As we have said before, a protein is made up of about 100-300 amino acids. Thus, any protein formed from the order of 300 amino acids will be encoded by a total of 900 triplets (300x3) or, if you prefer, by 2,700 nucleotides (300x3x3). Now, imagine each of the letters in each of the 2,700 nucleotides, something like: AAAUCCCCGGUGAUUUAUAAGG (...) It is this arrangement, this conglomeration of letters, which really is the genetic code. Easier than it first seemed, right?
Resume
If you ask any biologist interested in molecular biology about the genetic code, you will surely have a conversation for about 4-5 hours. It is truly fascinating to know that the secret of life, unreal as it may seem, is contained in a specific succession of "letters".

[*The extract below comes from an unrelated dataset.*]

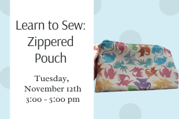 Learn to sew a zippered pouch to hold your pencils, makeup, small trinkets, dice, etc. Minimal sewing experience required. Nonrefundable fee: $5 check, money order, or credit card.
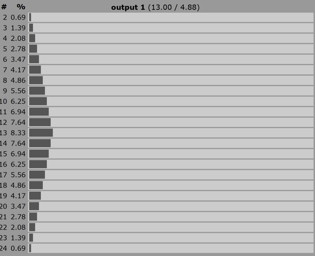 The key takeaway here: If you roll more than one dice together, you are changing the odds of your list appearing. Don’t just do it to get a range: “I want 18 results so I’ll just use 3d6” is wrong both because it only gets you 16 results, but also because you’ll rarely see a bunch of those results, and will commonly get a bunch of them. If you want to do that, look at Equal Opportunity Dice. By adding dice together, your values suddenly have meaning attached to them. You need to take advantage of that meaning, or it’ll change the way your table rolls.

So that, the genome of any living being can be mapped with these 4 letters. For example, according to the human genome project, all the genetic information of our species is made up of 3,000 million base pairs (nucleotides), which are found on the 23 pairs of chromosomes within the nucleus of all our cells. Of course, no matter how different living beings are, we all have a common “language”.
Bibliographic references:
- What is the genetic code? genotipia.com. Recovered from: https://genotipia.com/codigo-genetico/
- Asimov, I., & de la Fuente, A. M. (1982). The genetic code (No. Sirsi) i9789688561034). Plaza & Janés.
- Genetic code, National Human Genome Research Institute. Recovered from: https://www.genome.gov/es/genetics-glossary/Codigo-genetico
- Genetic code: characteristics and deciphering, Complutense University of Madrid (UCM). Recovered from: https://www.ucm.es/data/cont/media/www/pag-56185/08-C%C3%B3digo%20Gen%C3%A9tico-caracter%C3%ADsticas%20y%20desciframiento.pdf
- The Genetic Code, Khanacademy.org. Recovered from: https://es.khanacademy.org/science/ap-biology/gene-expression-and-regulation/translation/a/the-genetic-code-discovery-and-properties
- It's official: there are 42 million protein molecules in every cell, europapress.com. Recovered from: https://www.europapress.es/ciencia/laboratorio/noticia-oficial-hay-42-millones-moleculas-proteina-cada-celula-20180117181506.html
- Lee, T. F. (1994). The Human Genome Project: breaking the genetic code of life (No. Sirsi) i9788474325072).